Straight.....or Bent? The Real Me.

Straight or Bent ? - The Real Me


In the sort of coincidence that can sometimes render one slightly frustrated, most of the television work that I've done this year, is now being shown on television simultaneously.

Hence if you’re particularly devoted to a little touch of Clayton in your night,  you have been able to catch me early evening on Thursday in the Channel 4 soap “Hollyoaks” or later on BBC 3 in the remarkably good “HIm and Her”, the channel's highest rating sitcom.


Graham watches Paul sign the register at the wedding from Hell - Him and Her
There may be some avid devotees, having watched both, who think this has proved an admirable opportunity for me to show my range. In  “Him and Her” I play Graham, a sensitive and softly spoken counsellor who's been having an affair with Paul, the aggressive and slightly simple boyfriend of Laura. Through Paul’s relationship with Graham we manage to see a new side of him.

In Uniform - Hollyoaks
In my other role as Superintendent Marlow of the Deeside police in “Hollyoaks”, Paul is just the sort of person I might find myself arresting. Except that at the moment I don’t seem to be arresting anyone, just working in cahoots with several of the major criminal figures in Hollyoaks. Actually this week I did throw somebody against a car. Not as you might expect in frustration at their behaviour while queueing at a retail outlet, although believe me I've been within inches of that doing my Christmas shopping, but actually filming new scenes that will be seen early next year.

So bent copper, gay counsellor -  extending the casting envelope, I hear you cry! Well I’m not sure about that, but I'd like to think that both portrayals are equally believable and in tune with my later life philosophy of “when on camera do as little as possible”.

There have been times in my professional past, and some may say in my personal life too,  when in the acting stakes, I have followed the John Lewis philosophy of “never knowingly undersold!”  I always used to believe that if one was acting, people should be aware of it. After all, at times, it can be hard work, so people should know that it’s going on.

But the older you get the more you realise that in acting,like in so many things in life, less is more. Not in everything you understand. Size does matter.  but paring things down to essentials can bring so many benefits.

It’s part of how I work  with people in their presentation technique. Getting them to acknowledge what they intrinsically do well, and giving them some techniques to enable them to do it in situations of stress. When the spotlight is on them. Not to put on a presentation manner, but to be true and pared down to what they really are.
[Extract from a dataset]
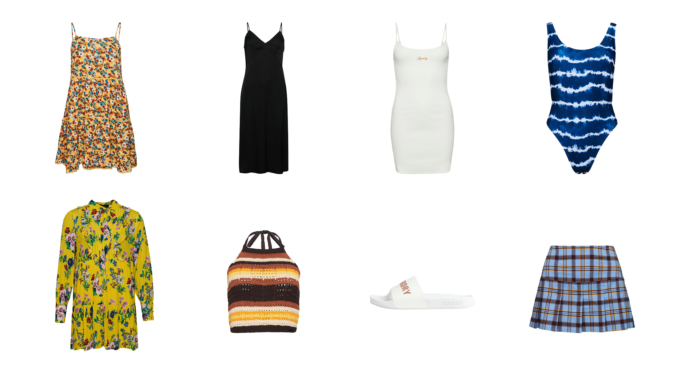 Letnja mini haljina Satenska midi haljina Uska mini haljina Kupaći kostim Žuta haljina Pleteni top Papuče Suknja

I do three things well. Posh. Northern, and Posh Northern. The delightful Brian Jordan says that I have it down to two. Stern and Camp. He may well be right.  I'd like to think I offer a wider palette of performance, but who knows.

The basic thing is that having limited the choices available, I seem to get more work. People need to know where to place you. Your agent needs to know how to sell you. Directors like you to give them a choice that you have made when you audition. Whereas when a younger actor, I used to go into an audition room with the attitude of “I’m an actor, I can do anything. What would you like me to be?”, now I can walk into the room saying “This is what I am. Which variation of it would you like?”

The best thing we all have as actors is ourselves. A unique mix of emotions and experiences entirely individual and unreplicated.  Our very own USP, or unique selling point to be particularly corporate and bland. That collarbone breaking break in Bridlington at the age of five is part of what made me, as are so many other experiences both terrible and terrific.

As an actor,  these experiences are my work of reference, and in pursuing work, one should always try and let the real “me” come through.

I hope that both Graham and Superintendent Marlow are pleasing the viewers of their respective programs, but I also hope that they are me. A particular facet of me on display surely, but me.

I recently went up for a job where the character description was “posh with too many chins”. 


Now is that Posh…… or Posh Northern?